2006_050074640 旧鈴木三郎助邸は二本榎通りに面して玄関を構え、「味の素記念館」として一般公開されていましたが、誠に残念なことに(趣味人にとって...)、取り壊しの後、2004年12月、「味の素グループ高輪研修センター」に装いを変えてしまいました。
今も残る釉薬タイル貼のコンクリート塀は、当時の面影を止めていますが、当時、塀の上に顔を見せる家並みが、邸内のたたずまいを伺わせていました。
この道は、高校生の時分、通学路でもありました。高輪教会の前から都バスに乗っていたのですが、この壁の奥で息を潜める邸宅の息遣いを感じながら、品川駅まで歩くのも好きでした。

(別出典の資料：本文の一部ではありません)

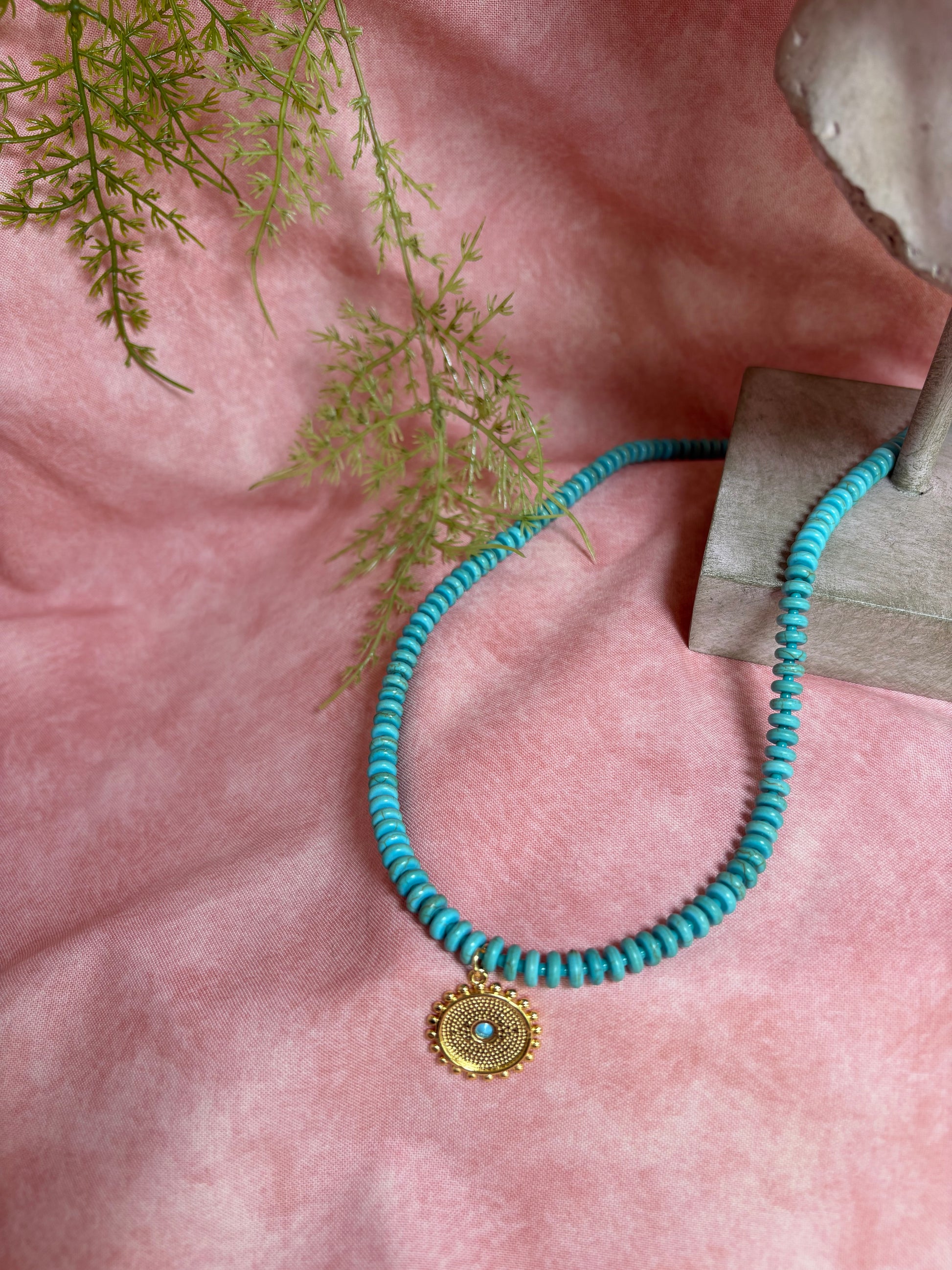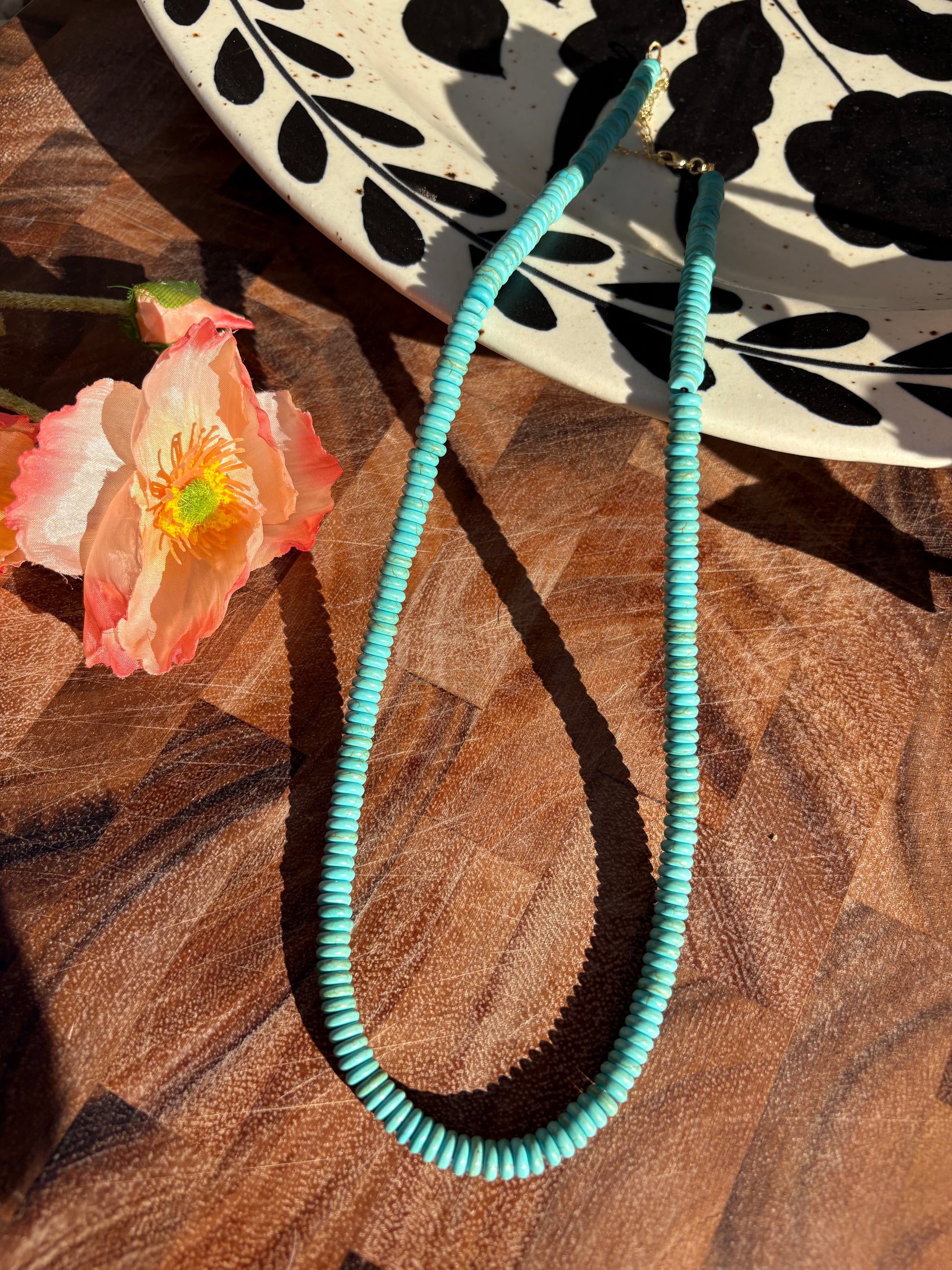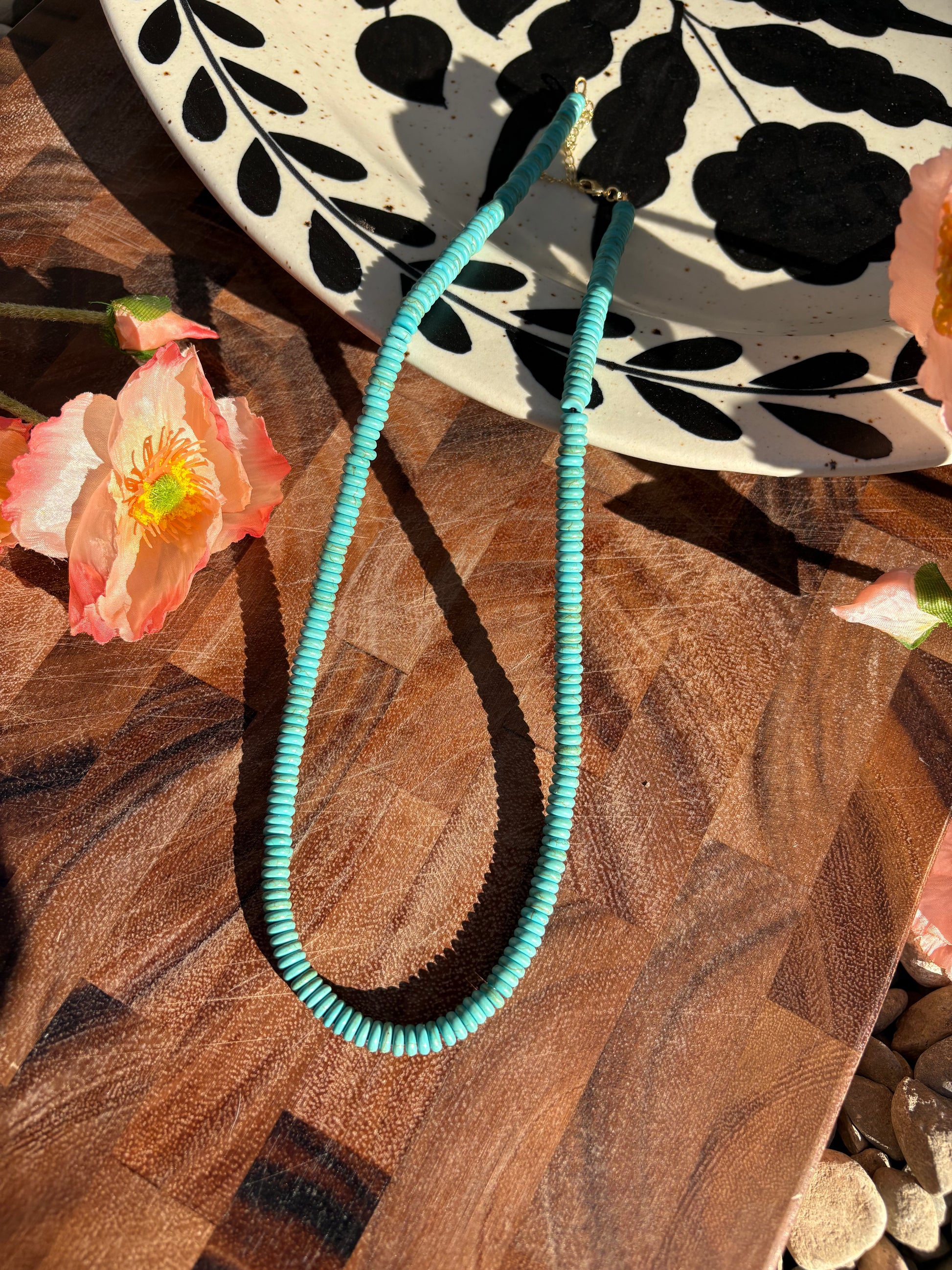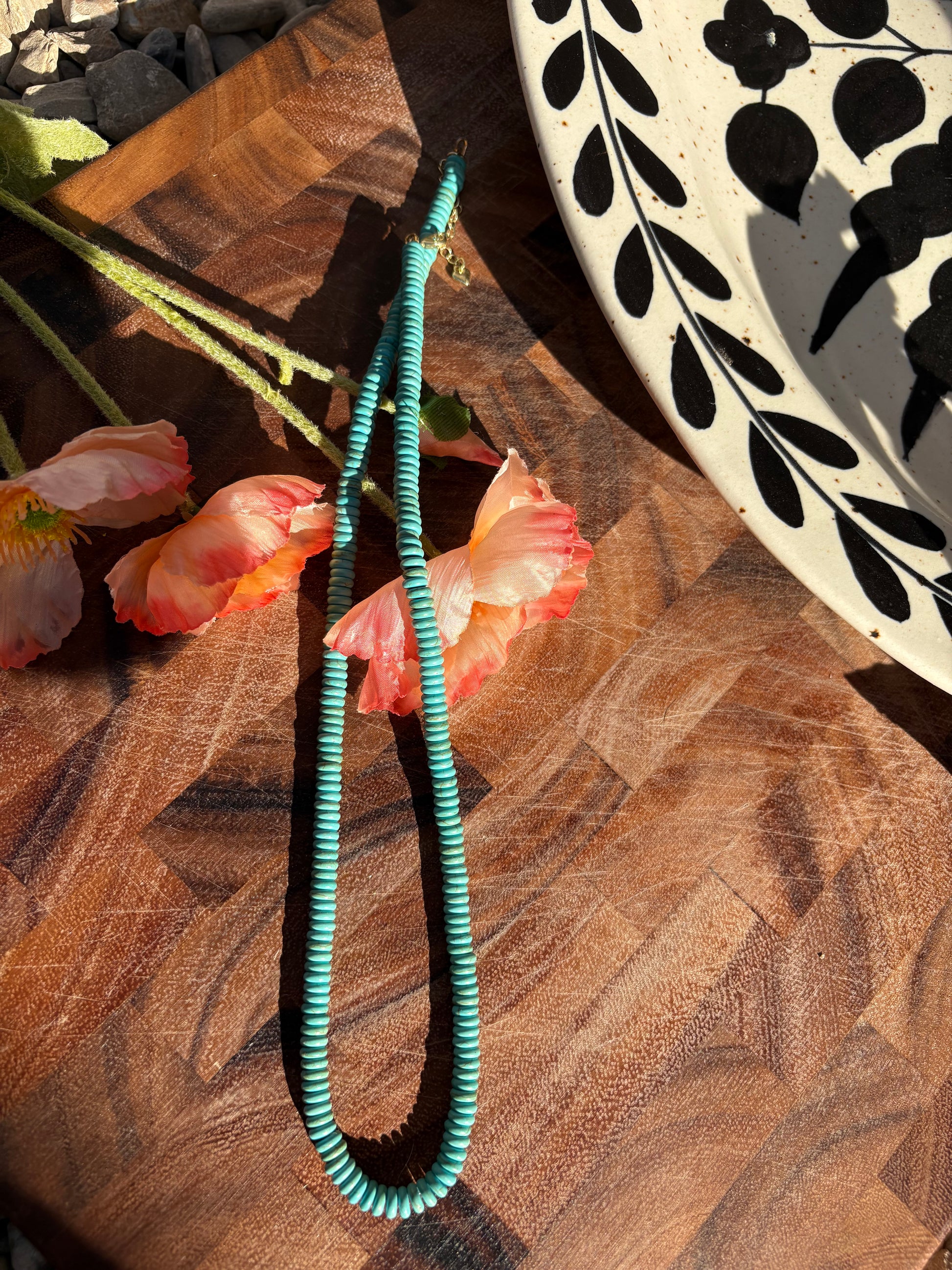 As refreshing as its namesake and just as effortlessly cool, Ranch Water is your laid-back layering essential. Strung with smooth turquoise-toned howlite discs and designed at a breezy 24 inches, this piece is made to mix, match, and sip cocktails in the sun.

二本榎通りに沿って柘榴坂に向かうと、通りに面して旧北白川邸の門構えがありました。
1884(明治17)年、北白川宮家二代の能久王が、J.コンドルの手によって紀尾井町に宮邸を完成させていましたが (後に宮内省により買い上げ、1924年李王旧邸として下賜。** 06/11/30追記 => 現在の「赤坂プリンス別館」と書きましたが、うっかり、勘違いしていました。別物ですね。後者は、1930(昭和5)年竣工で、宮内省内匠寮の手によるものということです。j.コンドルの手による前者については、国立科学博物館の収蔵図面の説明によれば「煉瓦造2階建一部3階建のほぼ正方形に近い平面で、1階を接客用、2階を居住用とし、木造の和館と渡し廊下で接していた」と表現されています。)、 三代の成久王は、1909(明治42)年、明治天皇第7皇女である房子内親王を宮妃に迎え、1912(明治45)年には、ここ芝高輪南町に宮邸を竣工させています。
設計は、1911(明治44)年竣工の竹田宮邸に引き続き、宮内省内匠寮の片山東熊と木子幸三郎が手がけています。(その後、木子は1922年に独立し、1932年に前出の「鈴木三郎助邸」を設計することになります。)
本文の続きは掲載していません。